|Category||DEA Schedule||Marketing Status|
|HUMAN PRESCRIPTION DRUG LABEL||Abbreviated New Drug Application|
Tropicamide Ophthalmic Solution, USP is an anticholinergic prepared as a sterile topical ophthalmic solution in two strengths. The active ingredient is represented by the chemical structure:
Established name: Tropicamide ophthalmic solution
Chemical name: Benzeneacetamide, N-ethyl-α-(hydroxymethyl)-N-(4-pyridinylmethyl)-.
Each mL contains: Active: tropicamide 0.5% or 1%. Preservative: benzalkonium chloride 0.01%. Inactives: sodium chloride, edetate disodium, hydrochloric acid and/or sodium hydroxide (to adjust pH), purified water. pH 4.0 - 5.8.
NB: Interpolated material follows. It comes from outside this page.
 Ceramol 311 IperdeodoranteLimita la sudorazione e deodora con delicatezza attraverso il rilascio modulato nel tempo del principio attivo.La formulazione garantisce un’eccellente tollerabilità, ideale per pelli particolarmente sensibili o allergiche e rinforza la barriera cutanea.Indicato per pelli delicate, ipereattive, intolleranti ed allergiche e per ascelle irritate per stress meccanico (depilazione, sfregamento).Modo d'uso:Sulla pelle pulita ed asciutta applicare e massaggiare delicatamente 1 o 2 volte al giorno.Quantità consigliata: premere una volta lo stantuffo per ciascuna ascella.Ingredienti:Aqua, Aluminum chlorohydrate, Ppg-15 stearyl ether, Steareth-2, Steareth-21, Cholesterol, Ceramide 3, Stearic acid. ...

This anticholinergic preparation blocks the responses of the sphincter muscle of the iris and the ciliary muscle to cholinergic stimulation, dilating the pupil (mydriasis). The stronger preparation (1%) also paralyzes accommodation. This preparation acts in 15-30 minutes, and the duration of activity is approximately 3-8 hours. Complete recovery from mydriasis in some individuals may require 24 hours. The weaker strength may be useful in producing mydriasis with only slight cycloplegia. Heavily pigmented irides may require more doses than lightly pigmented irides.
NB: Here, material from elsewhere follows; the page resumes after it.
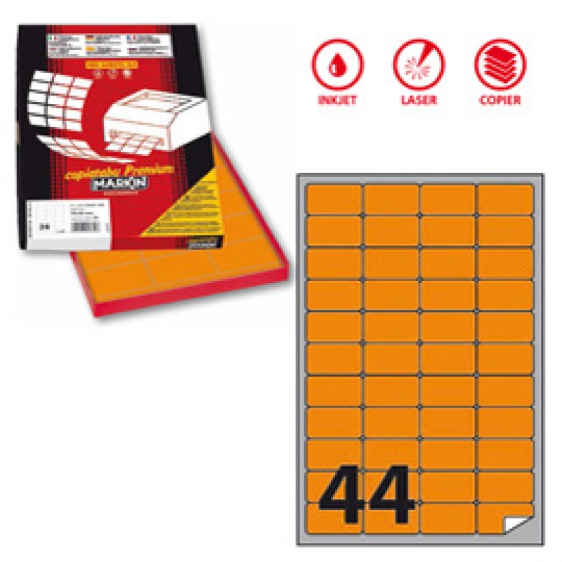 Etichetta adesiva A406 - permanente - 47,5x25,5 mm - 44 etichette per foglio - arancio fluo - Markin - scatola 100 fogli A4
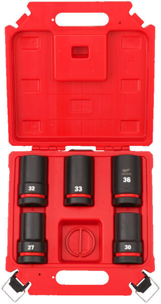 MILWAUKEE® 1" dugókulcskészlet kamion és busz szereléséhez! A készlet tartalma: 27 mm, 30 mm, 32 mm, 33 mm, 36 mm + biztonsági rögzítőgyűrű

Contraindicated in persons showing hypersensitivity to any component of this preparation.
For topical ophthalmic use only. Not for injection.
This preparation may cause CNS disturbances which may be dangerous in pediatric patients. The possibility of psychotic reactions and behavioral disturbances due to hypersensitivity to anticholinergic drugs should be considered.
Mydriatics may produce a transient elevation of intraocular pressure.
Remove contact lenses before using.
The lacrimal sac should be compressed by digital pressure for two to three minutes after instillation to reduce excessive systemic absorption.
Information for Patients
Do not touch dropper tip to any surface, as this may contaminate the solution. Patient should be advised not to drive or engage in potentially hazardous activities while pupils are dilated. Patient may experience sensitivity to light and should protect eyes in bright illumination during dilation. Parents should be warned not to get this preparation in their child's mouth and to wash their own hands and the child's hands following administration.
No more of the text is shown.